In 2017, however, MBS ascended to the role of crown prince and took control of the kingdom’s vast security and intelligence apparatus. Aljabri fell out of favor and, sensing a change in the government power structure, left Riyadh for Canada, where he remains in exile.

In Aljabri’s lawsuit against MBS, which was filed in the U.S. last August, his lawyers wrote that MBS has “personally orchestrated an attempted extrajudicial killing of [Aljabri], an attempt that remains ongoing to this day.”

The lawsuit includes several details about the alleged attempt on his life — including the rationale, strategy and timing — which appear to bear a striking resemblance to the circumstances surrounding Khashoggi’s death.

Like Khashoggi, Aljabri claims to have “sensitive information” that could potentially expose “bin Salman’s covert political scheming within the Royal Court, [and] corrupt business dealings,” the lawsuit reads.

“That is why defendant bin Salman wants him dead — and why defendant bin Salman has worked to achieve that objective over the last three years,” claims the suit.

In the complaint, Aljabri alleges that MBS “dispatched a private hit squad to North America to kill [him]” less than two weeks after the assassination of Khashoggi in Istanbul, but that the team was turned away at a Canadian airport.

“Like the team that murdered Khashoggi, those sent to kill [Aljabri] … were also members of defendant bin Salman’s personal mercenary group, the Tiger Squad,” his lawsuit claims.

In February, Aljabri claimed in court documents that Saudi officials “repeatedly pressured” one of his daughters “to travel to the Saudi consulate in Istanbul, Turkey” in September 2018, and that “only days later, the Tiger Squad successfully executed Jamal Khashoggi inside the same facility.”

Two of Aljabri’s other children have been detained in Saudi Arabia, Aljabri claimed.

The Saudis have denied the accusations leveled in Aljabri’s U.S. lawsuit and recently filed a motion to dismiss the case.

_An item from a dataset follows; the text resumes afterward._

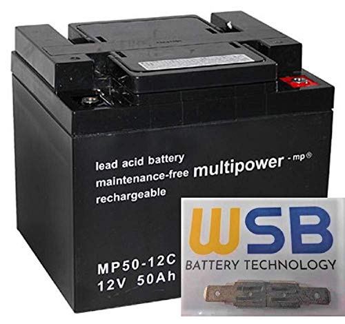 2 batterie al piombo AGM 12 V/50 Ah - MP50 - 12 C compatibile con i cicli WP50 - 12NE, 12LCP-50, REC50 - 12I + adattatore WSB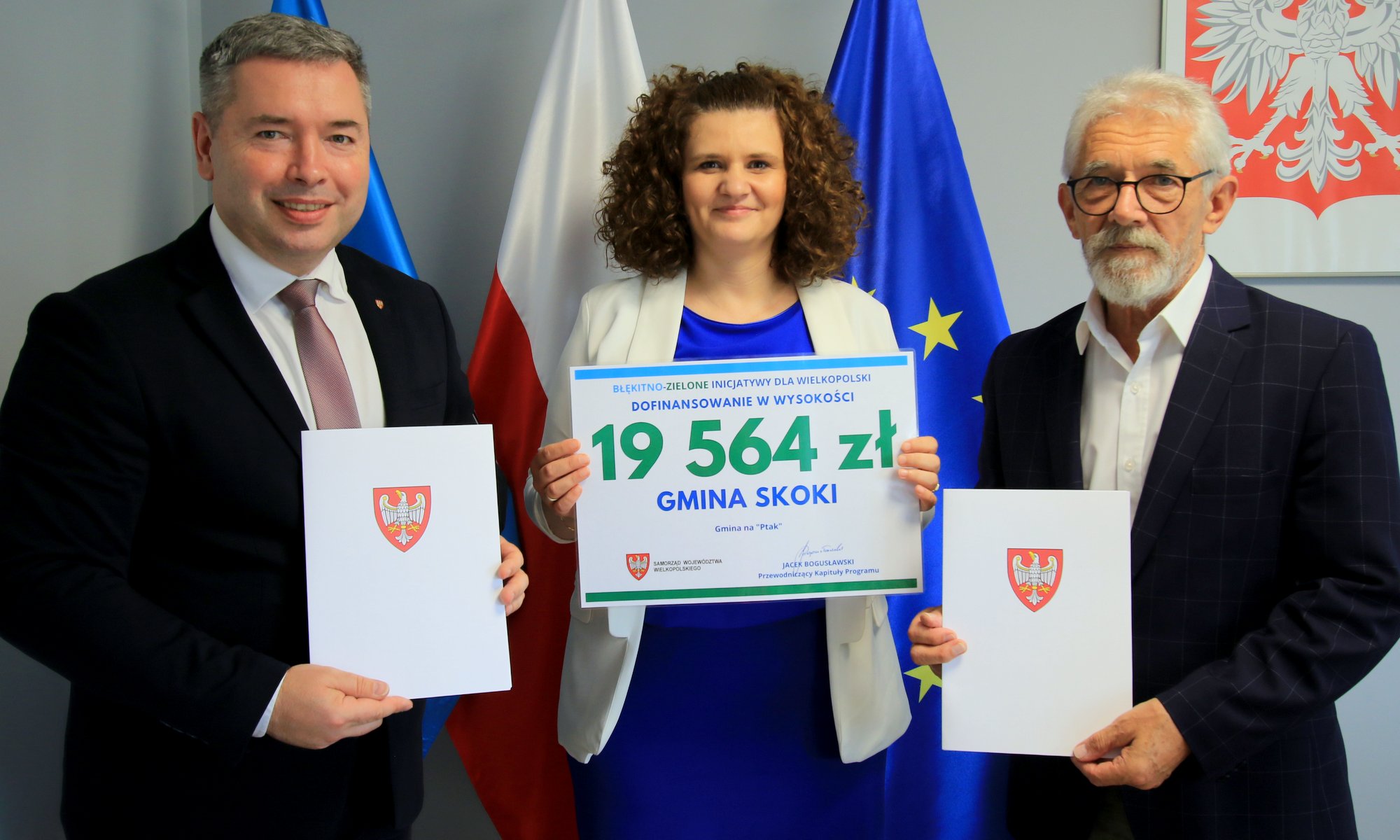 W czwartek, 30 czerwca gminę Skoki odwiedził Jacek Bogusławski Członek Zarządu Województwa Wielkopolskiego aby podpisać umowę na realizację projektu „Gmina na Ptak” w ramach programu „Błękitno – zielone inicjatywy dla Wielkopolski”.

Meanwhile, in Canadian civil court, a coalition of Saudi government-controlled entities accused Aljabri in January of siphoning billions of dollars for himself and his family before fleeing to Toronto — a claim Aljabri denies.

An Ontario-based judge has agreed to temporarily freeze Aljabri’s assets. But as Riedel notes, the Canadian litigation may be more significant for what it reveals about the Saudis than its effect on Aljabri’s pocketbook.

“What it shows to me is that [MBS] is nowhere near as firmly in control as he likes to portray,” Riedel said.

Furthermore, the disclosures in court documents may serve to divulge sensitive information about the machinations of the Saudi elite — and could further incriminate MBS and his circle of advisers.

According to records filed by Saudi companies as part of the Canadian case, for example, the Saudi sovereign wealth fund took control of a private aviation firm called Sky Prime Aviation Services in 2017, a year before Khashoggi’s death.

In 2018, the Wall Street Journal reported that the two jets used to transport operatives who allegedly carried out the killing of Khashoggi in Istanbul belonged to Sky Prime, citing Turkish officials. The Canadian court documents were first reported by CNN.

Without a strong response from the U.S., bin Salman and his allies are unlikely to halt extrajudicial retaliation against dissidents like Khashoggi and Aljabri, Riedel said. But the stakes may be even higher than that.

“Saudi Arabia has been an incredibly stable country for more than 100 years, but it’s not so stable anymore — and the Biden administration ought to be thinking about that,” Riedel said. “MBS is not just a threat to Khashoggi and Aljabri; he is a threat to the very survival and viability of the Saudi state. If he’s now left in the line of succession and becomes king, we may find a Saudi Arabia that is very unstable and could become prey to very abrupt and unpredictable political change.”